While the research on hyper-realistic modeling of many neurons continues, other frameworks focus on simulating the biophysics of the population of neurons. In Section 1.3, we pause on the state of large-scale synaptic simulations to show how a change in computational paradigm helps in overcoming some of the limitations inherent in these models. Models of Neural mass and Wilson-Cowan are examples of such alternatives (see Sections 1.3.1, 1.3.2, respectively).

### 1.3. Population-Level Models

Izhikevich and Edelman (2008) describe the first attempt in reconstructing the whole cortex. Their simulation includes a microcircuitry of 22 basic types of neurons with simplified dendrite trees and fewer synapses. The underlying structural data based on the geometry of the white matter is drawn from diffusion tensor imaging (DTI) (Honey et al., 2009) of the human brain. The microcircuitry of the six-layered neocortex was reconstructed based on cats' visual cortex. The spiking dynamics employed in this model comes from Izhikevich (2003) and it is a simplification of the Hodgkin-Huxley model as it outputs the firing rates instead of currents. On a larger scale, some subcortical dynamics (e.g., dopaminergic rewarding from the brainstem) are also implemented.

The significance of this simulation compared to preceding efforts is its inclusion of all cortical regions and some of their interplays in the form of cortico-cortical connections. The researchers also considered synaptic plasticity a significant factor in studying developmental changes such as learning. The model demonstrates several emergent phenomena such as self-sustained spontaneous activity, chaotic dynamics, and avalanches, alongside delta, alpha, and beta waves, and other heterogeneous oscillatory activities similar to those in the human brain.

Complexity aside, the model has its shortcomings, including extreme sensitivity to the initial condition. To address this, the authors suggest studying the population behavior instead of single-cell simulations. Despite all the limits, Izhikevich and Edelman (2008) is the first benchmark of whole-cortex modeling and the foundation of future detailed projects such as Blue Brain project (Markram, 2006) and MindScope (Koch et al., 2014).

Following Izhikevich and Edelman (2008), the Blue Brain Project (Markram, 2006) was founded in 2005 as a biological simulation of synapses and neurons of the neocortical microcircuitry. The ambitious goal was to extend this effort to a whole-brain level and build “the brain in a box.” The initial simulated subject was only a 2*mm* tall and 210μ*m* in radius fragment of the somatosensory cortex of a juvenile rat (~100, 000 neurons). The efforts for further expansion to larger scales, i.e., mouse whole-brain and human-whole brain, are far-fetched by many critics (Abbott, 2020).

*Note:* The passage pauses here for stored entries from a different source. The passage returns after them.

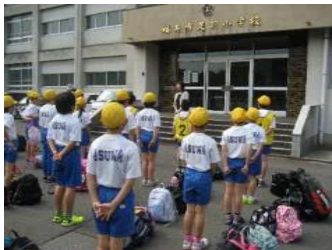
出発式で教頭先生にごあいさつ。

福井市少年自然の家で宿泊学習を行いました。協力すること、ルールを守ることの大切さを学びました。みんなで楽しい宿泊学習を作り上げることができました。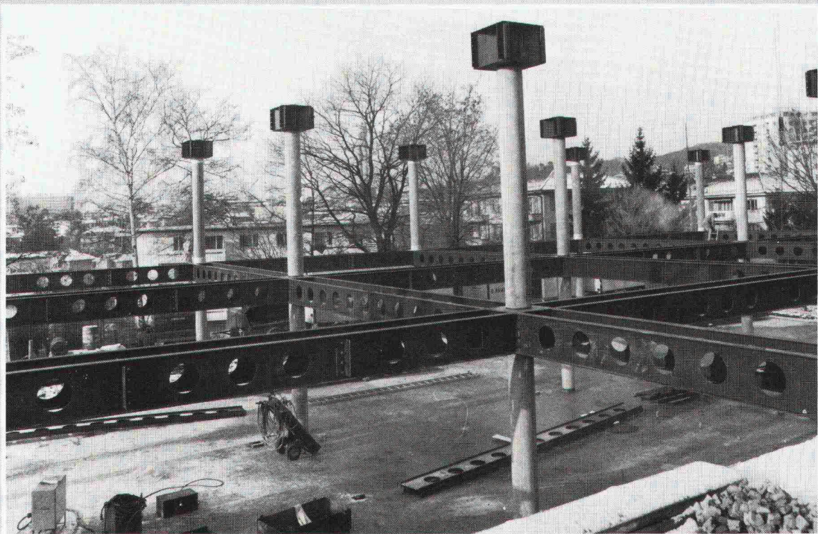
Ecole nouvelle de la Suisse romande, Chailly. Architekt: Réalisations scolaires et sportives, Lausanne Ingenieur: Techn. Büro PIGUET, Ing. conseils, Lausanne

Herausgeber: Verlags-AG der akademischen technischen Vereine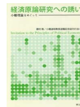
経済原論研究への誘い —小幡理論をめぐって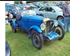
VERNON DERBY 1929 UK - N°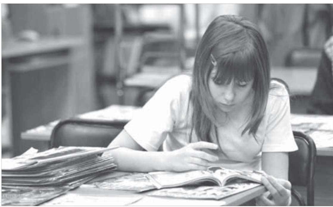
В школе-интернате журналы нарахсват

Во Всемирный день ребенка "Заполярный вестник" навел воспитанников школы-интерната №2 и подписал их на популярные детские журналы.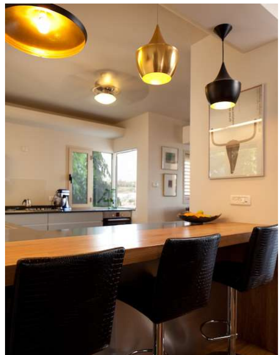
גופי תאורה מרהיבים מעל הדלפק במטבח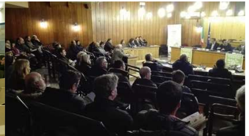
Rutigliano 11 marzo 2016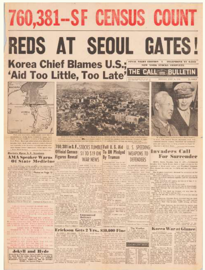
‘REDS AT SEOUL GATES!’라는 헤드라인으로 6·25전쟁 발발을 알리는 1950년 6월 26일자 SAN FRANCISCO THE CALL BULLETIN (국립민속박물관 소장)

서울이 무너지자 모든 시선은 수원으로 향했다. 한강선 방어를 지휘할 시흥지구전투사령부가 급히 편성되었지만 정작 병력이 없었다. 한강을 건너온 패잔병들을 삼삼오오 재편성해 간신히 방어선을 구축한 것이 6월 29일이었다.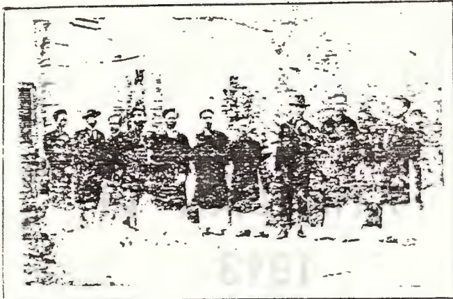
QUÂN VIÊN NHÀ IN TRUNG BẮC TÂN VĂN 61-63 HÀNG BÔNG HÀ NỘI ẢNH CHỤP 1917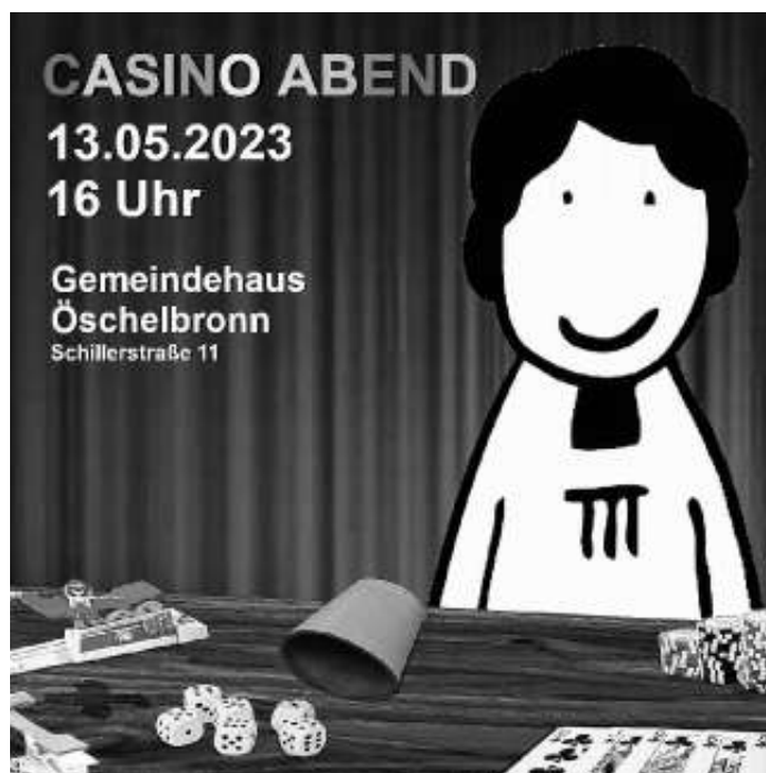
Plakat privat: Casino Abend Minis Gäu

Am Samstag, 13. Mai 2023 ab 16.00 Uhr im Gemeindehaus in Öschelbronn – nähere Infos zu diesem tollen Event auf www.klig.de oder direkt unter: minis@klig.de . Seid mit dabei – die Oberminis und Minis freuen sich auf euch!

Far from the initial promise of “understanding” of the brain, the Blue Brain Project is still far from incorporating the full map of connections (also known as connectome Horn et al., 2014) in the mouse brain, which is still an order of magnitude smaller than the human brain (Frégnac and Laurent, 2014). That being said, acquiring the connectomic map does not necessarily result in a better understanding of function. Note that while the connectomic structure of the roundworm Caenorhabditis elegans nervous system has been entirely constructed since 1986 (White et al., 1986), research is still unable to explain the behavior of the network, e.g., predicting stimuli based on excitation (Koch, 2012). Finally, strong concerns regarding the validity of the experiments rise from the fact that the simulation still does not account for glial cells. Glial cells constitute 90% of the brain cells. They have distinctive mechanisms as they do not output electric impulses (Fields et al., 2014) but are responsible for inactivating and discharging products of neuronal activities which influence the synaptic properties (Henn and Hamberger, 1971) and consequently learning and cognitive processes (Fields et al., 2014). This point of incompleteness sheds extra doubt on the achievability of *brain in silico* from the Human Brain Project.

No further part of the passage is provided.